THE PROBLEM: Under this line are records; the part from the line containing "Elegante attico frontemare" through the line containing "Encircle your wrist" should be repeated exactly. Please exclude pictures.

EXTRACTED RECORDS:
==============================
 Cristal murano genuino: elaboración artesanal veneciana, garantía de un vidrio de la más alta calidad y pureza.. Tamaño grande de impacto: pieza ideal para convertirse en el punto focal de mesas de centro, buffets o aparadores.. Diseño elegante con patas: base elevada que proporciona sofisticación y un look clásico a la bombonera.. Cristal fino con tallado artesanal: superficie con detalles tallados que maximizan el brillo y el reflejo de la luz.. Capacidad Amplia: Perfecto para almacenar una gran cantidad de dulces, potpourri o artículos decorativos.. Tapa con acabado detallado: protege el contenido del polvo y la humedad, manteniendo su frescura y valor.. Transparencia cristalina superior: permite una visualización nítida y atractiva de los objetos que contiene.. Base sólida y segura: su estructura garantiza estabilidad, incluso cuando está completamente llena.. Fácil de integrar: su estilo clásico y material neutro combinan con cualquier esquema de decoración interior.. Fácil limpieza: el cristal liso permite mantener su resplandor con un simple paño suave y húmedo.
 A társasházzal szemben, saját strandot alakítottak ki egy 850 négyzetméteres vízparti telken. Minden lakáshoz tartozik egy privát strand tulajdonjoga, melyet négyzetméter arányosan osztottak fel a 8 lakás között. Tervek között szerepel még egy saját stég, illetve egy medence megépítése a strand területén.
==============================
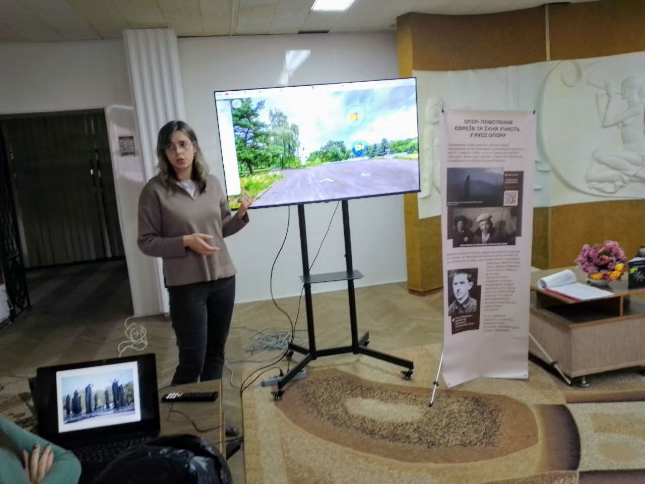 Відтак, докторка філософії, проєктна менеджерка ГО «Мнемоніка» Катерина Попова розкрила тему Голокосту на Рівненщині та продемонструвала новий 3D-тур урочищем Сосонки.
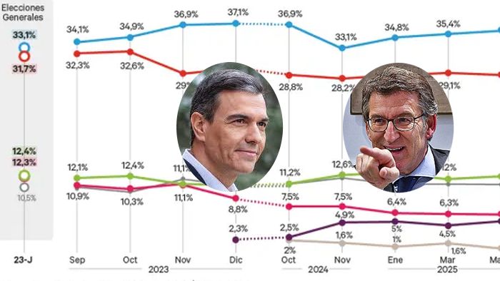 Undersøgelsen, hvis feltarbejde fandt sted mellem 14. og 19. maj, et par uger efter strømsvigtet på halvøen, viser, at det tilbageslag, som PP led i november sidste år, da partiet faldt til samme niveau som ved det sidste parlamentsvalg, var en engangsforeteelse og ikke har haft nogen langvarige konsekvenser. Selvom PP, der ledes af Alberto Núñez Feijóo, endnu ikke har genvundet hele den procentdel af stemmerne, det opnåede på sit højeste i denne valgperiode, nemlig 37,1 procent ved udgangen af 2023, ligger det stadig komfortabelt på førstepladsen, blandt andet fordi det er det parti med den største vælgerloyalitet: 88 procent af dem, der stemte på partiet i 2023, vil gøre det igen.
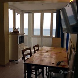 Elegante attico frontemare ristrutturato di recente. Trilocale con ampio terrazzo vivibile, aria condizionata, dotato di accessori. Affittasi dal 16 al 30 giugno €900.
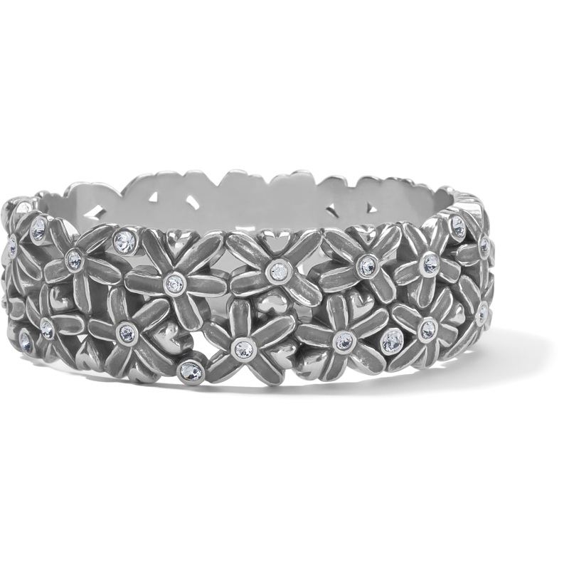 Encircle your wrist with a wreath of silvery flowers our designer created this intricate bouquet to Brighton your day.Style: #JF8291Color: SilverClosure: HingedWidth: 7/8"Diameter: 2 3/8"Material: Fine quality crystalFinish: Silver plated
==============================
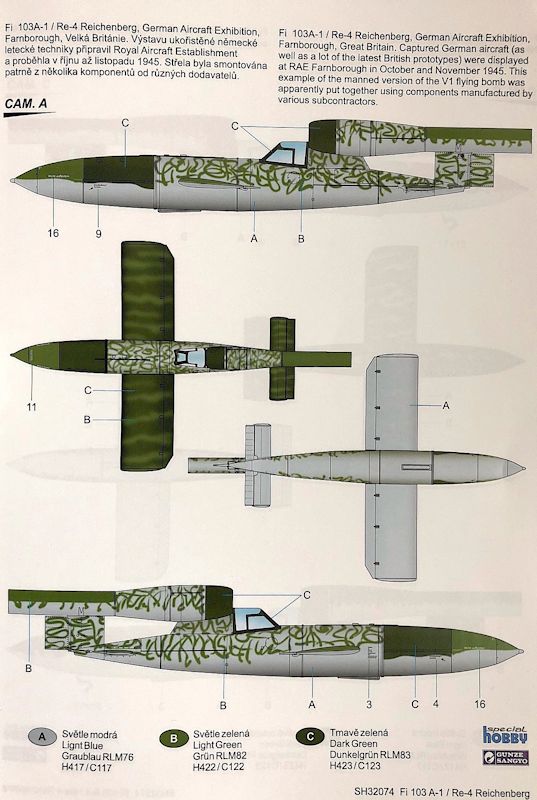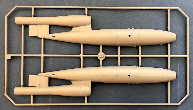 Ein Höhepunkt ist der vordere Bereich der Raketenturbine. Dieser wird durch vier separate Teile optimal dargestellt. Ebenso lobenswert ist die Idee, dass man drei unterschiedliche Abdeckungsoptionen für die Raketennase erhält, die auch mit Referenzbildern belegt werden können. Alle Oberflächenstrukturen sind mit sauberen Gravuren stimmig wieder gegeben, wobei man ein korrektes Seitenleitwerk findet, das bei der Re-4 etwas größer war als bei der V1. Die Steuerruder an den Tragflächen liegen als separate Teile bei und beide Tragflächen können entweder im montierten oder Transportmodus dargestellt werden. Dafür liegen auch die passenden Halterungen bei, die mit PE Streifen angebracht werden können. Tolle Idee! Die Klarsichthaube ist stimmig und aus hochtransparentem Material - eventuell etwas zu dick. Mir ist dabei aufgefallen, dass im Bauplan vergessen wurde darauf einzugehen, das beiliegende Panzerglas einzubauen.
==============================
OUTPUT FOR THIS EXERCISE:
 Elegante attico frontemare ristrutturato di recente. Trilocale con ampio terrazzo vivibile, aria condizionata, dotato di accessori. Affittasi dal 16 al 30 giugno €900.
 Encircle your wrist with a wreath of silvery flowers our designer created this intricate bouquet to Brighton your day.Style: #JF8291Color: SilverClosure: HingedWidth: 7/8"Diameter: 2 3/8"Material: Fine quality crystalFinish: Silver plated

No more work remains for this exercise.